Data records -
★ ★ ★

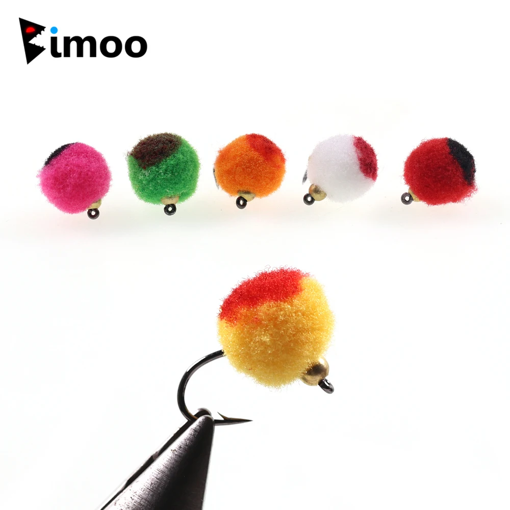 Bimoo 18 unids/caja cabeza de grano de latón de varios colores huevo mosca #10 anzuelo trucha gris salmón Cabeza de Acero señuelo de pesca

★ ★ ★

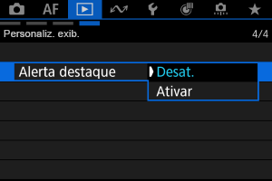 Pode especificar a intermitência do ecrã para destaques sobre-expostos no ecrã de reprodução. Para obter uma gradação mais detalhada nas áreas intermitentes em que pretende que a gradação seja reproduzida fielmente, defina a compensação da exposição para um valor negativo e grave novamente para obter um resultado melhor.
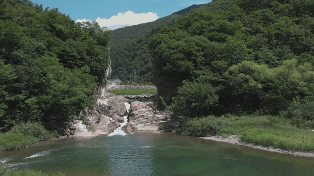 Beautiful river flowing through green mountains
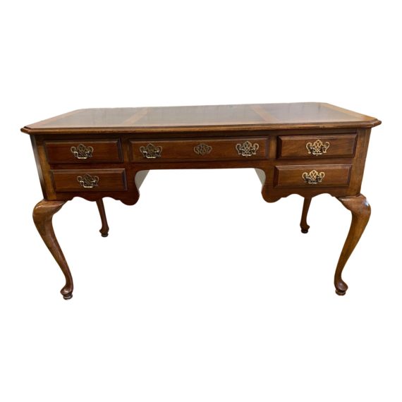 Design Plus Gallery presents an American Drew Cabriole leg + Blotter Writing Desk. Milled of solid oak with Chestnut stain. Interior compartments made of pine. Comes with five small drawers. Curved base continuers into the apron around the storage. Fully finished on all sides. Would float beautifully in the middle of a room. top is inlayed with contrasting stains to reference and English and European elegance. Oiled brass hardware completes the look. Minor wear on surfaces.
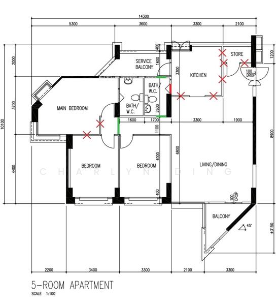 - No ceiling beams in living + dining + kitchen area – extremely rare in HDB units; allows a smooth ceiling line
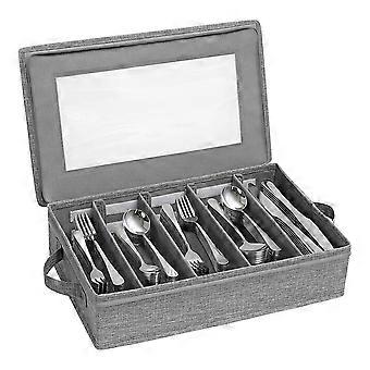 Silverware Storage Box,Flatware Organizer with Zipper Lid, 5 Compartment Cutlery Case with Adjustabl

★ ★ ★

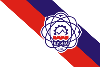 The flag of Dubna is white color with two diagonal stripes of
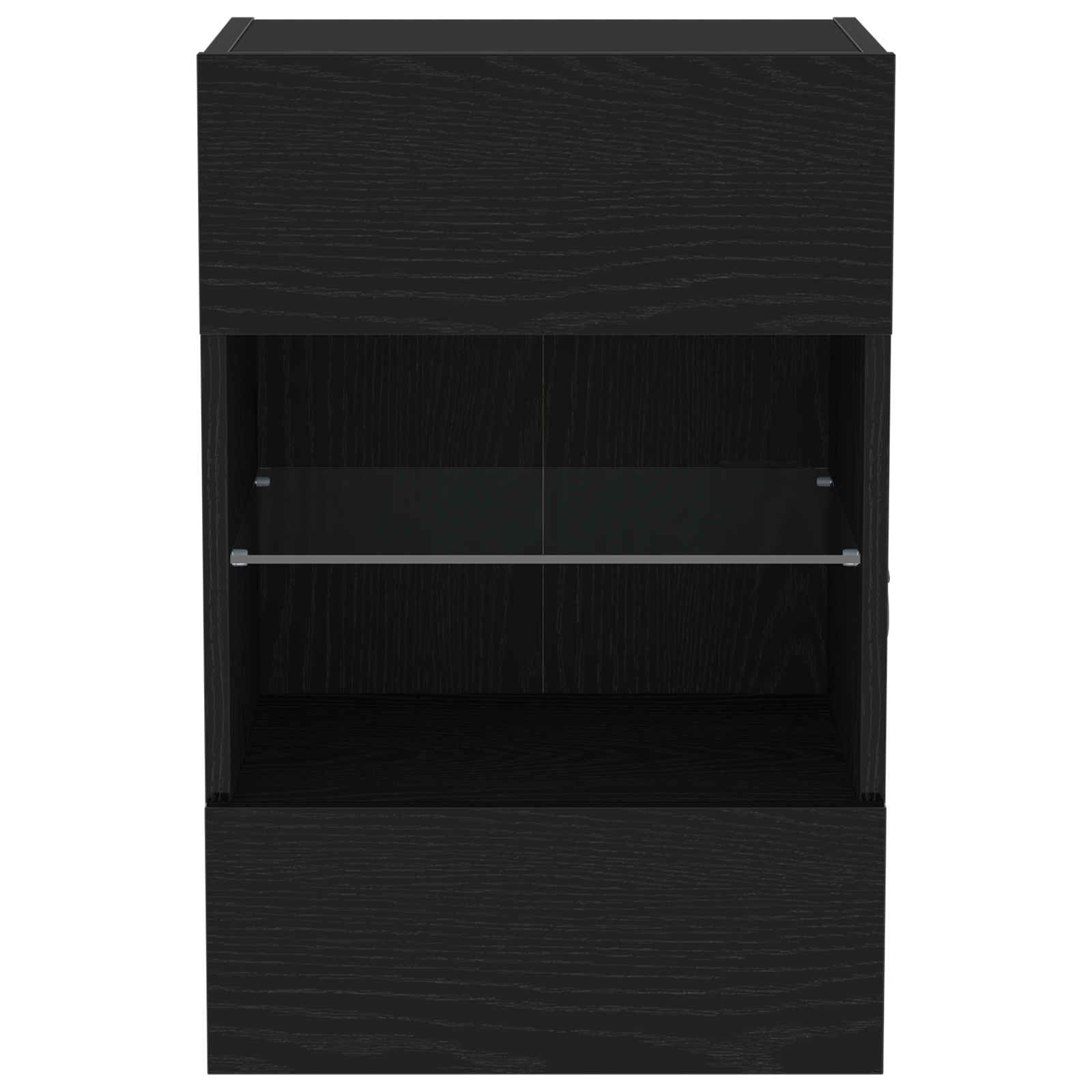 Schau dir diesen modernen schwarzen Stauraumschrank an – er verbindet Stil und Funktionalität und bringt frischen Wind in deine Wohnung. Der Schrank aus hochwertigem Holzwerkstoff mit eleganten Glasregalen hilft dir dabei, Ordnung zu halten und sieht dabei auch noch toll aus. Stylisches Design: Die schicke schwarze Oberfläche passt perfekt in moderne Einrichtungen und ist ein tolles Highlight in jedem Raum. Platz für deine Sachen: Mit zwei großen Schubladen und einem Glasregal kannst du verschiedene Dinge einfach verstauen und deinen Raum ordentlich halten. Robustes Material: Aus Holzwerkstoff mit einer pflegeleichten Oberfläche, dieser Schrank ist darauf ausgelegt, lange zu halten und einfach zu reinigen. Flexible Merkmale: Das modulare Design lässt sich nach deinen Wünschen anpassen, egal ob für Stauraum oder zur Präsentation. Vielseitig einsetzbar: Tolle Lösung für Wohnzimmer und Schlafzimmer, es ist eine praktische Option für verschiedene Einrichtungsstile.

★ ★ ★

Task statement - All pictures are to be skipped. Output, word for word, the lines in the data above starting at the line containing "- No ceiling" and ending at the line containing "Silverware Storage Box,Flatware".

Solution to the problem -
 - No ceiling beams in living + dining + kitchen area – extremely rare in HDB units; allows a smooth ceiling line
 Silverware Storage Box,Flatware Organizer with Zipper Lid, 5 Compartment Cutlery Case with Adjustabl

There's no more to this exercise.